Мери, совершенно ошеломленная, могла только открывать и закрывать рот. А глазастая сумрачная Симка, резким движением откинув за спину спутанные волосы, села рядом, грубовато обняла Мери за плечи, свободной рукой подняла самую большую черешню, потерла ее о замызганный подол и сунула в рот княжне.
– Ешь, родимая… Глупые они. Ты, верно, мать вспомнила? Все это время на комиссара Сенькиного смотрела и, поди, вспоминала… Сердце-то болит? Ничего, милая, все проходит помаленьку. Вон, у нашей Милки тоже мамка запрошлогодь померла, Милка уж как плакала, а теперь успокоилась. Мы ж все там будем, обожди, жизнь проживешь – и увидишься у бога в доме с мамкой-то… Ага…
Тяжкий удар грома потряс степь, и испуганный девчоночий визг взлетел над табором. Мери запрокинула голову. Наверху сходились темно-синие страшные тучи с дымящимися краями, по которым то и дело пробегал короткий голубой проблеск молнии. Холодные капли замолотили по траве, по прибитой пыли, дождевая завеса, еще просвеченная последним низким лучом солнца, повисла между палатками. Стайка девушек с писком кинулась под полотнище шатра, Симка дернула за руку Мери, и та метнулась следом, на ходу вытирая мокрое от слез и дождевых капель лицо.
– Ты понимаешь, чего эти курицы-то так волнуются? – давясь смехом, шептала ей на ухо Симка, забираясь под старую Настину перину и увлекая за собой Мери. – Ты ведь им две недели назад начала сказку рассказывать… Ну, про то, как один цыган на ведьме женился, а у него еще дочка-красавица была… Помнишь?

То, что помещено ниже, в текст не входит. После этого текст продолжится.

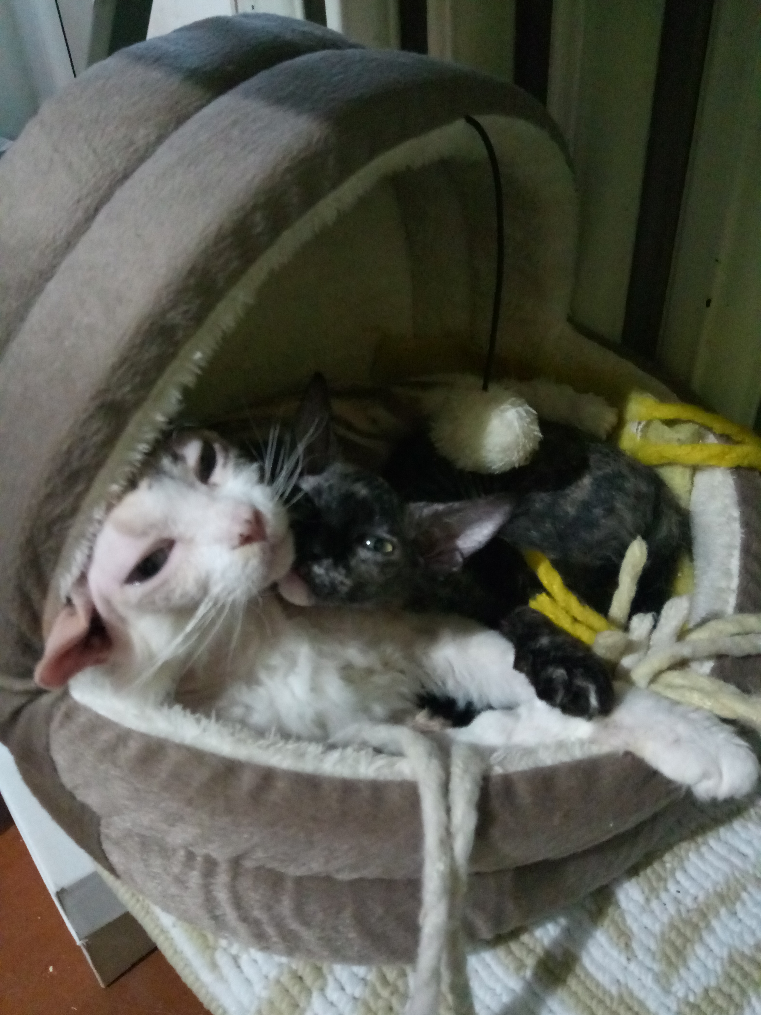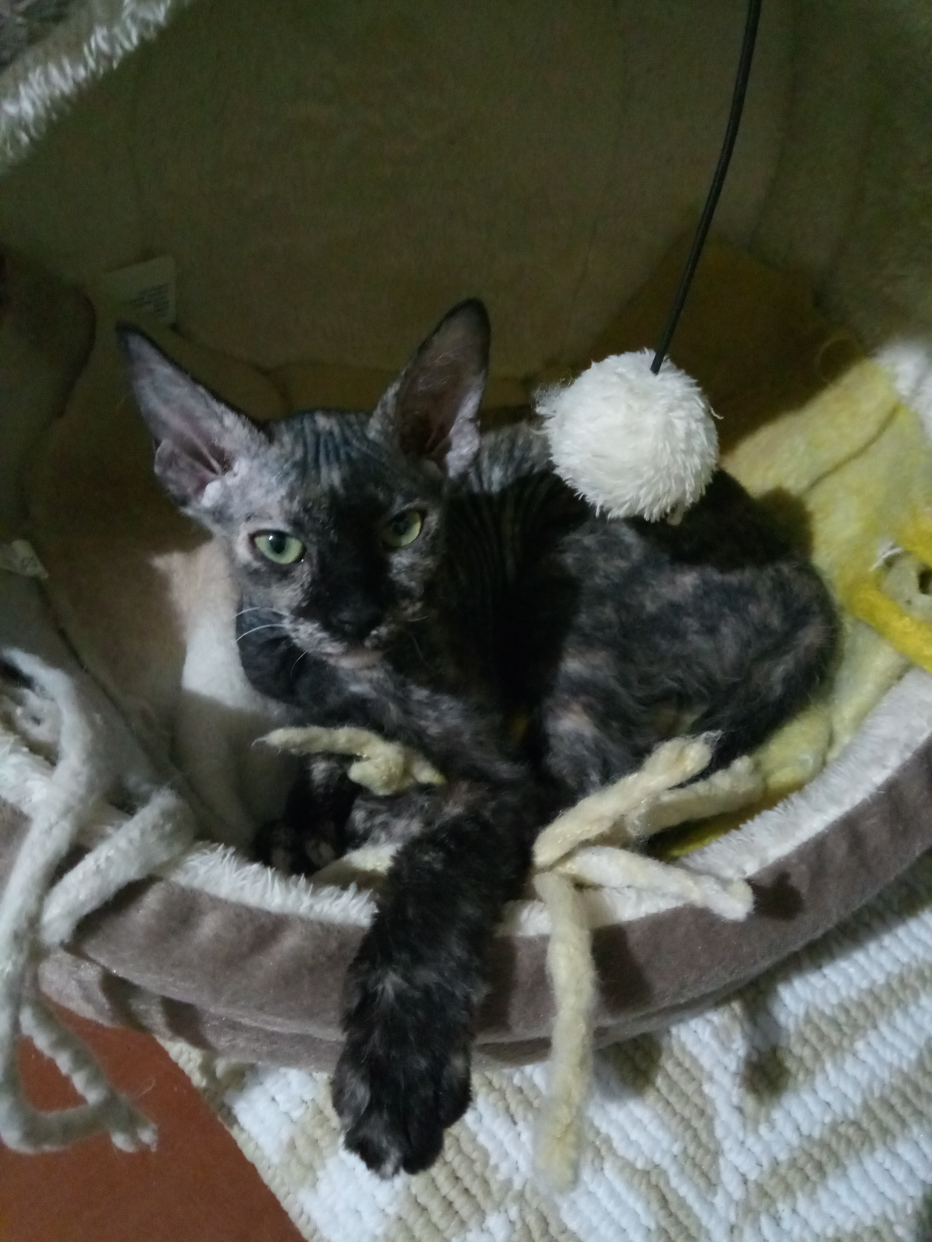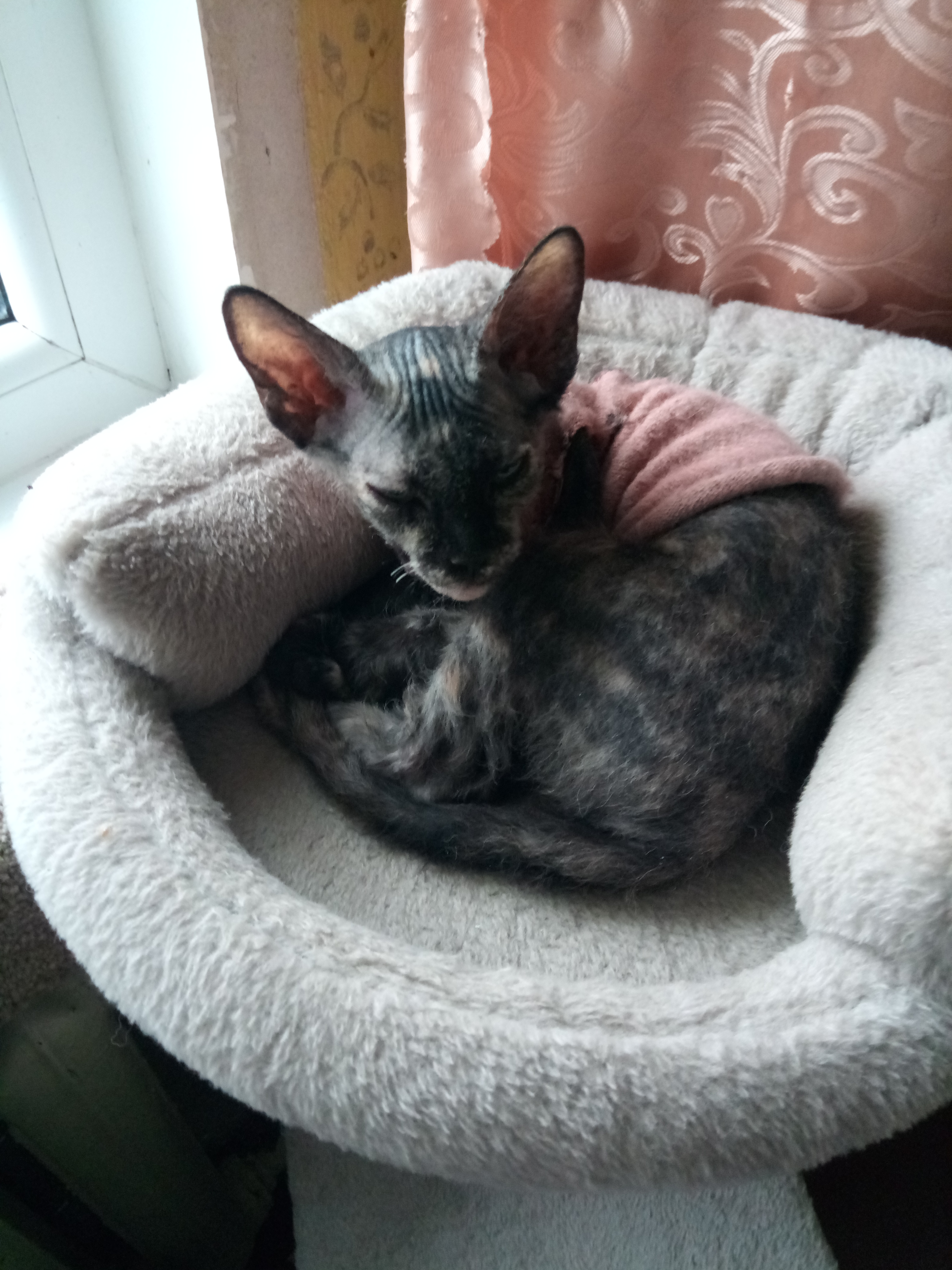 Лисита донской сфинкс браш. У меня уже есть взрослая Лакуся. И я захотела взять вторую кошечку именно такой породы в качестве компаньона. Думала очень долго над этим вопросом. Год думала. А тут в самый Новый Год 31 декабря 2025 года увидела фото и все, поплыла, решение пришло сразу — это моя, моя лисичка, и имя тут же возникло Лисита. Потому что она трехцветная, есть очень короткие шерстинки. Окрас, как у чернобурой лисички. Так и родилось имя.

Ну, так им же интересно, что дальше-то сталось, а ты ходишь и молчишь! И к костру вечером не идешь, и купаться с нами не бегаешь! Грустная такая ходишь, теребить тебя даже совестно, и баба Настя ругается – отлезьте, кричит, от нее, кобылищи, не до вас ей… Ну, мы, сколь могли, терпели, а нынче Брашка наша говорит: давайте ей хоть черешни принесем, авось наестся, подобреет да дальше расскажет, что там было…
Договорить Симка не успела: Мери расхохоталась. Вместе с безудержным смехом из глаз брызнули новые слезы, и она долго не могла успокоиться, уткнувшись лицом в колени и содрогаясь всем телом. А снаружи уже гремело вовсю, и капли дождя шуршали, сбегая по полотнищу шатра, а внутри было сухо, и из-за каждой пестрой подушки, из-под каждой перины глядели выжидающие черные глаза.
– Ну, бог с вами, сейчас… – Мери вытерла нос, глубоко вздохнула и наморщила лоб, вспоминая гоголевскую «Утопленницу». – Слушайте дальше. Значит, сидит вечером цыганочка в шатре и дрожит, глядь – опять крадется к ней страшная кошка! Испугалась девушка, схватила со стены отцовскую саблю… то есть топор, – и ка-а-ак бросит в ту кошку! Лапу с когтями разом отрубила! Кошка завизжала человечьим голосом – и прочь из шатра, а цыганочка без чувств свалилась…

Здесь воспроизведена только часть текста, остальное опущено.